EXERCISE REQUIREMENTS
When you find the line with "Хозяйственная раковина Kerasan" among the records below, reproduce it and each line after it exactly, ending with the line with "Jason, described the".

INFORMATION GIVEN
◆ ◆ ◆ ◆ ◆

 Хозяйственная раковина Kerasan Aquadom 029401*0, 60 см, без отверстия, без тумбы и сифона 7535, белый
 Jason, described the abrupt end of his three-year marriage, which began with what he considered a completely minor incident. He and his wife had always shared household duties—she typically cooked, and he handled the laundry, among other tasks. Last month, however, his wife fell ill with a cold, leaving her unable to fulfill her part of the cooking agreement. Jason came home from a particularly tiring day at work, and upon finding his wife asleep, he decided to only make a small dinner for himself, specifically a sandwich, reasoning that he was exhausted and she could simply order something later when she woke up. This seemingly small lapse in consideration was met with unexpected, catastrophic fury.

◆ ◆ ◆ ◆ ◆

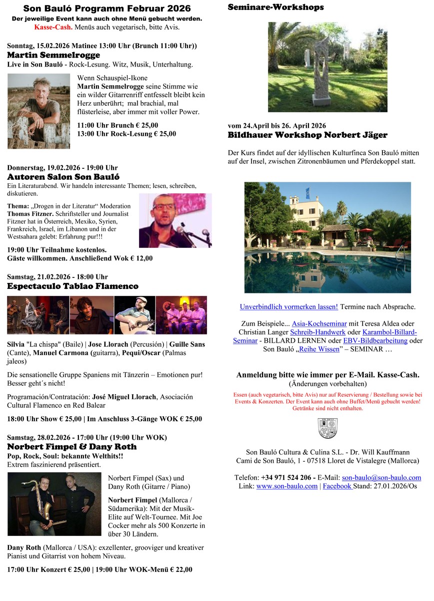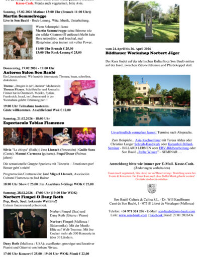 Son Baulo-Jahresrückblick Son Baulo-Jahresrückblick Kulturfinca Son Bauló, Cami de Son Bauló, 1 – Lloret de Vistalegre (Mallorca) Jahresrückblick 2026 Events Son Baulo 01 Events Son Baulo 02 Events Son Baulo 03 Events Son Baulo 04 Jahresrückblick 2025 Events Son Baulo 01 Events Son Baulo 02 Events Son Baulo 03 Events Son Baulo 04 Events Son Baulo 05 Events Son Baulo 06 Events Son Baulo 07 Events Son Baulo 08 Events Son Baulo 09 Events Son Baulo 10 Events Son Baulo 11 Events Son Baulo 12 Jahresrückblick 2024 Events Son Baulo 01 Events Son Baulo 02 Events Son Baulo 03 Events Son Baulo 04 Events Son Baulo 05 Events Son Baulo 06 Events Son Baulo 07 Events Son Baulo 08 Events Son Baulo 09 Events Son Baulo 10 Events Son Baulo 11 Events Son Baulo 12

◆ ◆ ◆ ◆ ◆

SOLUTION
 Хозяйственная раковина Kerasan Aquadom 029401*0, 60 см, без отверстия, без тумбы и сифона 7535, белый
 Jason, described the abrupt end of his three-year marriage, which began with what he considered a completely minor incident. He and his wife had always shared household duties—she typically cooked, and he handled the laundry, among other tasks. Last month, however, his wife fell ill with a cold, leaving her unable to fulfill her part of the cooking agreement. Jason came home from a particularly tiring day at work, and upon finding his wife asleep, he decided to only make a small dinner for himself, specifically a sandwich, reasoning that he was exhausted and she could simply order something later when she woke up. This seemingly small lapse in consideration was met with unexpected, catastrophic fury.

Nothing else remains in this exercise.